Un particolare interesse riveste in letteratura il comportamento dei giunti di contrazione, sempre presenti nelle dighe. La loro corretta modellazione è di cruciale importanza, in quanto il loro stato può notevolmente influenzare la configurazione e il comportamento strutturale delle dighe a gravità. Studi significativi in tal senso sono stati condotti da G. zenz (91), L. Fronteddu, P. Leger, R. Tinawi (92), M. Azmi, P. Paultre (93).

Infine altri autori approfondiscono tematiche come l’analisi termica (Z. Bofang (94), J. Zhang, C. Huang, C. Lu, L. Han, P. Wang, G. Li (95)) e la meccanica della frattura secondo modelli smeared e discrete crack (Z. Shi, M. Nakano, Y. Nakamura, C. Liu (96), M.A. Hariri- Ardebili, S.M. Seyed-Kolbadi (97)).

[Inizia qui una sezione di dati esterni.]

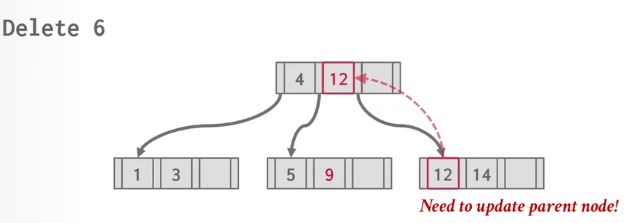 - 如果删除后叶子节点的条目数量依然有half-full,删除操作结束;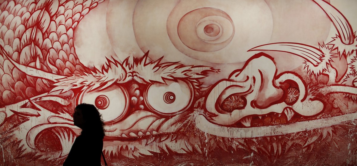 epa06276619 A visitor walks past "Dragon in the Clouds - Red Mutation (2010) as part of the exhibition "Takashi Murakami: Lineage of Eccentrics" at the Museum of Fine Arts in Boston, Massachusetts, USA 19 October 2017. The Museum of Fine Arts Boston is showcasing the work of Japanese artist Takashi Murakami through 01 April 2018. EPA/CJ GUNTHER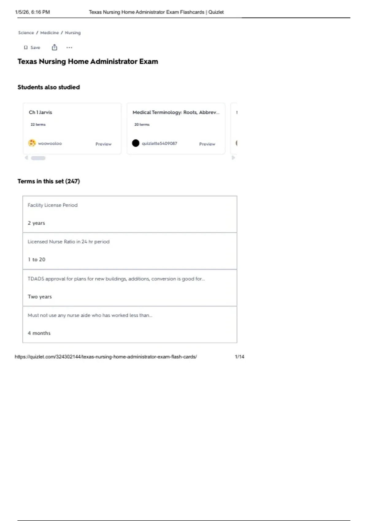 https://quizlet.com/324302144/texas-nursing-home-administrator-exam-flash-cards/ 1/14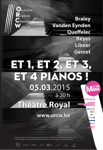 Avec quatre pianos sur scène dans une configuration assez inhabituelle, une équipe de pianistes belgo-française : Jean Claude Vanden Eynden (3e prix du Concours Reine Elisabeth 1964, à l’âge de 16 ans), Anne Queffélec, Eliane Reyes, Julien Libeer (soliste à la Chapelle Musicale Reine Elisabeth), Rémi Geniet (2e prix du Concours Reine Elisabeth 2013) rejoignent Frank Braley, Directeur Musical de l’Orchestre Royal de Chambre de Wallonie, 1er prix et prix du public du Concours Reine Elisabeth 1991, pour un concert prestigieux dédié aux Concerti de Bach.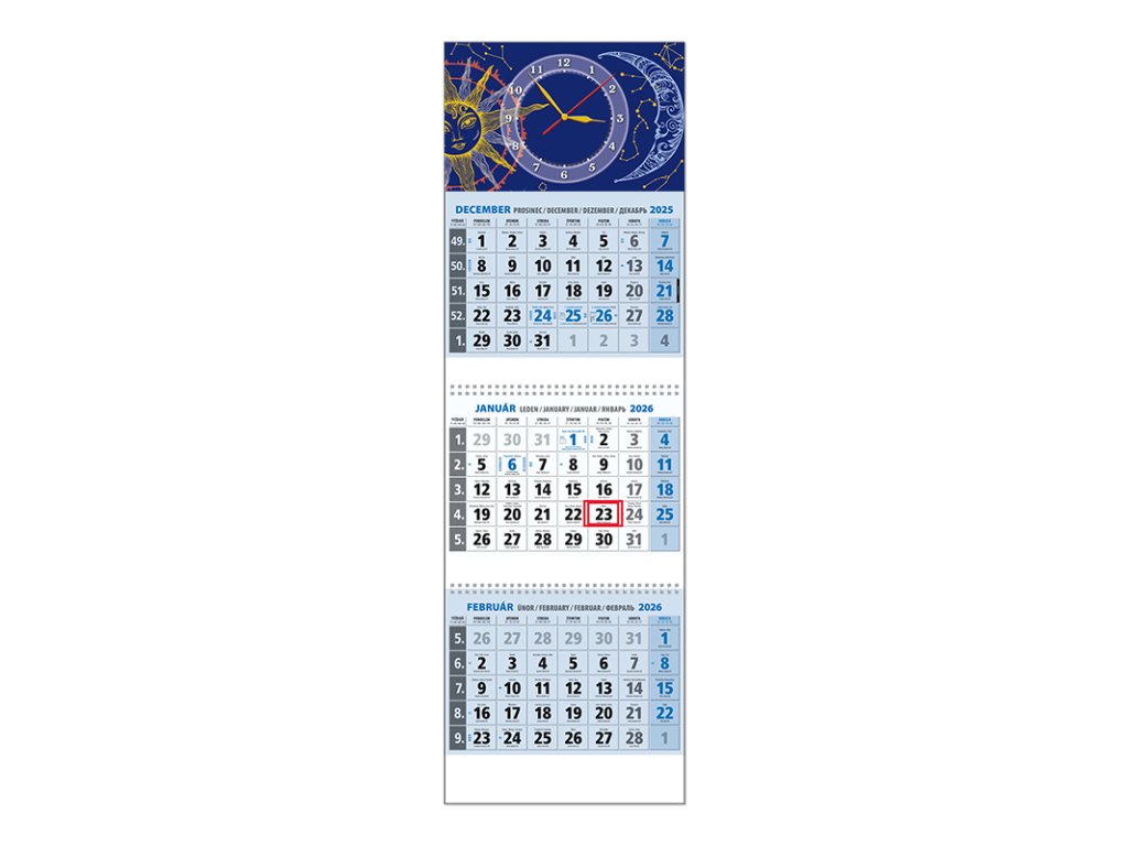 Trojdielny kalendár s menami v SK + CZ, názvy mesiacov a dní v SK, CZ, EN, DE a RU. Hodinky QKDodatočné parametre

Un problema che si pone attualmente è quello della validazione sperimentale delle teorie esposte. Infatti, sia per le notevoli dimensioni delle strutture in gioco, sia per le difficoltà pratiche, disponiamo oggi di un limitato numero di prove sperimentali che potrebbero costituire utili strumenti per la taratura dei modelli. Alcuni studi, nei quali, con differenti approcci e tipologie di elementi finiti, si è tentato di riprodurre numericamente il comportamento reale della struttura sulla base di dati sperimentali, hanno fornito indicazioni estremamente interessanti come nel caso delle prove con vibrodina.

Con le tecniche numeriche è anche possibile effettuare prove parametriche che premettano di capire l’influenza di un determinato fattore sulla risposta strutturale, indirizzando quindi, all’occorrenza, specifiche analisi conoscitive.

Nonostante la creazione di raffinati software, non risulta ancora possibile valutare in maniera affidabile il comportamento delle dighe durante un importante evento sismico. In definitiva, si può concludere che l’impiego dei moderni strumenti non ha portato in nessun caso allo sviluppo di nuovi pratici metodi di calcolo della pressione idrodinamica, tanto che i più recenti codici normativi e linee guida continuano a riferirsi alle teorie sviluppate dagli anni ’30 agli anni ’70 del ‘900.